Records contained in a dataset
*** Begin section ***

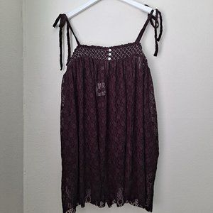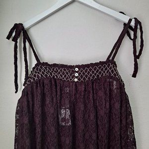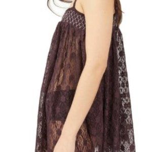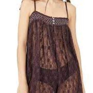 New with tags. Free People Intimately Rule The World lace romper in size L. Lovely in lace, this sheer and sultry romper is featured in a shapeless babydoll silhouette with smocked square neckline, button-up detailing and adjustable tie straps. Side slip pockets. Raw edge hemline. Exposed seams throughout. Embroidered lace fabrication. Pull-on style. Please note this is a romper, not a dress. ***Undergarments NOT included. The color is Plum Jam (dark purple) - may vary slightly in person. Approximate measurements: armpit to armpit - 19" length from top of chest band to hem - 24.5"
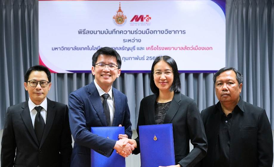 เครือโรงพยาบาลสัตว์เมืองเอก โดย บริษัท เวทแคร์ พาร์ทเนอร์ส จำกัด นำโดย นายไลโอเนล โซห์ วี ฉัว (จากซ้าย คนที่ 2) ประธานกรรมการบริษัท และนายศรายุธ อัสสมกร (ซ้ายสุด) ประธานเจ้าหน้าที่บริหาร พร้อมด้วย ผศ.ดร.ลลิตา ศิริวัฒนานนท์ (จากซ้าย คนที่ 3) คณบดี คณะเทคโนโลยีการเกษตร และ ผศ.น.สพ.การันต์ ชีพนุรัตน์ (ขวาสุด) ประธานหลักสูตรสาขาการพยาบาลสัตว์ ลงนามบันทึกความเข้าใจข้อตกลงความร่วมมือทางวิชาการ โดยมีวัตถุประสงค์ที่มุ่งเน้นสนับสนุนการศึกษาทั้งภาคทฤษฎีและภาคปฏิบัติด้านการพยาบาลสัตว์ การฝึกประสบการณ์วิชาชีพในรูปแบบสหกิจศึกษา เพื่อให้นักศึกษาได้มีโอกาสนำเอาความรู้ทางวิชาชีพการพยาบาลสัตว์ที่ได้จากการเรียนการศึกษามาใช้ในทางปฏิบัติผ่านการฝึกงาน ณ สถานที่ประกอบการจริง ด้านกระบวนการพยาบาลสัตว์ การสนับสนุนด้านการรักษา การผ่าตัด
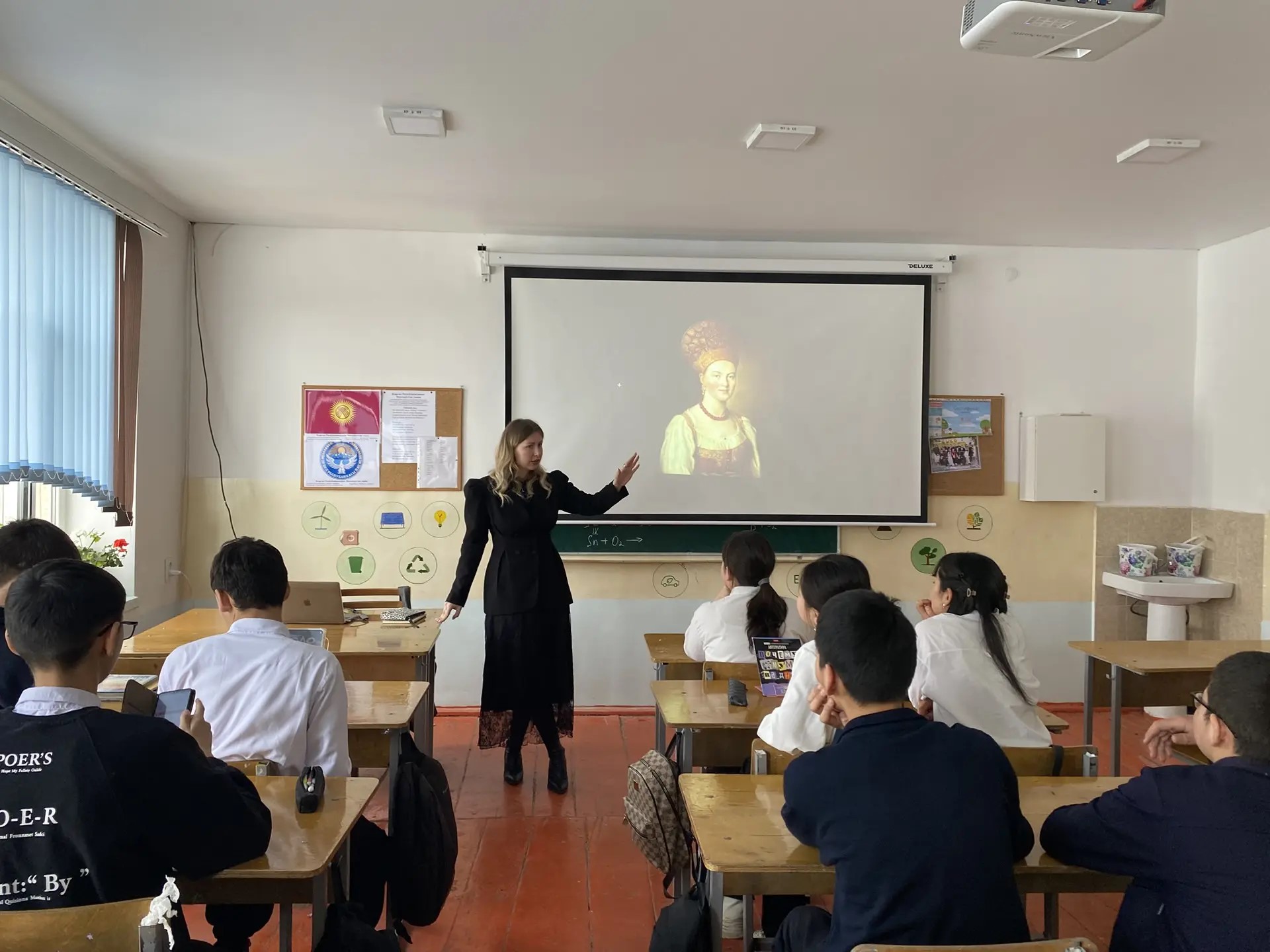 В преддверии Международного дня родного языка Азалия Алимгафарова провела внеурочные мероприятия с учениками 9Г класса школы №3 им. М. В. Ломоносова г. Ош.
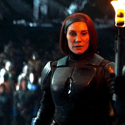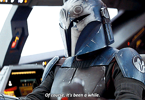 Bo-Katan Kryze from The Mandalorian says 'Of course, it's been a while' in her cockpit.
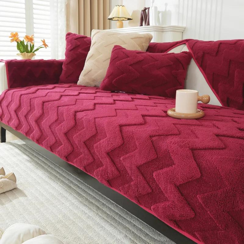 Зимние теплые плюшевые чехлы на диван, жаккардовый коврик для дивана в стиле легкой роскоши, нескользящее пыленепроницаемое полотенце-накидка на диван, чехлы для гостиной дома
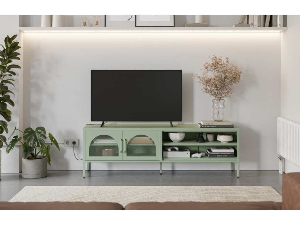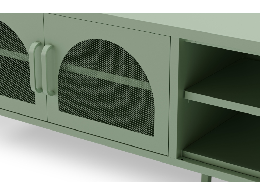 TV stolek Diora je vyroben z práškově lakovaného kovu v mátově zeleném odstínu. Kovová dvířka se zaobleným perforovaným dekorem ukrývají praktický úložný prostor, další místo nabízejí dvě otevřené police. Díky své výrazné barvě a industriálnímu charakteru vynikne v retro, urban nebo eklektickém interiéru. Kolekce Diora zahrnuje i noční stolky, komody a skříně v pěti stylových odstínech.
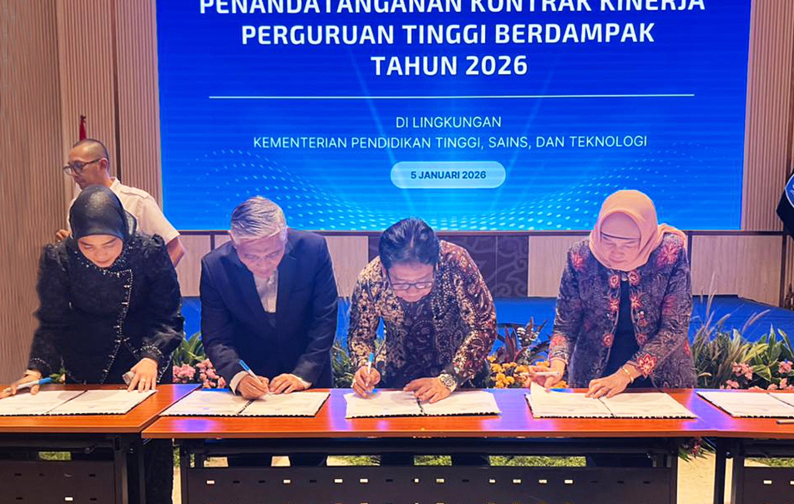 Dukungan serupa juga di torehkan ratusan pucuk pimpinan perguruan tinggi lainnya. Dengan menandatangani Kontrak Kinerja Perguruan Tinggi Berdampak Tahun 2026. Dan di saksikan langsung Mendiktisaintek Prof Brian Yuliarto ST MEng PhD, di Jakarta, Senin (5/1).

*** End section ***

> **TASK INSTRUCTIONS**
Leaving the pictures aside, transcribe exactly the lines from the one containing "TV stolek Diora" to the final line of the entries above, both ends included.

> **RESULT OF THE EXERCISE**
 TV stolek Diora je vyroben z práškově lakovaného kovu v mátově zeleném odstínu. Kovová dvířka se zaobleným perforovaným dekorem ukrývají praktický úložný prostor, další místo nabízejí dvě otevřené police. Díky své výrazné barvě a industriálnímu charakteru vynikne v retro, urban nebo eklektickém interiéru. Kolekce Diora zahrnuje i noční stolky, komody a skříně v pěti stylových odstínech.
 Dukungan serupa juga di torehkan ratusan pucuk pimpinan perguruan tinggi lainnya. Dengan menandatangani Kontrak Kinerja Perguruan Tinggi Berdampak Tahun 2026. Dan di saksikan langsung Mendiktisaintek Prof Brian Yuliarto ST MEng PhD, di Jakarta, Senin (5/1).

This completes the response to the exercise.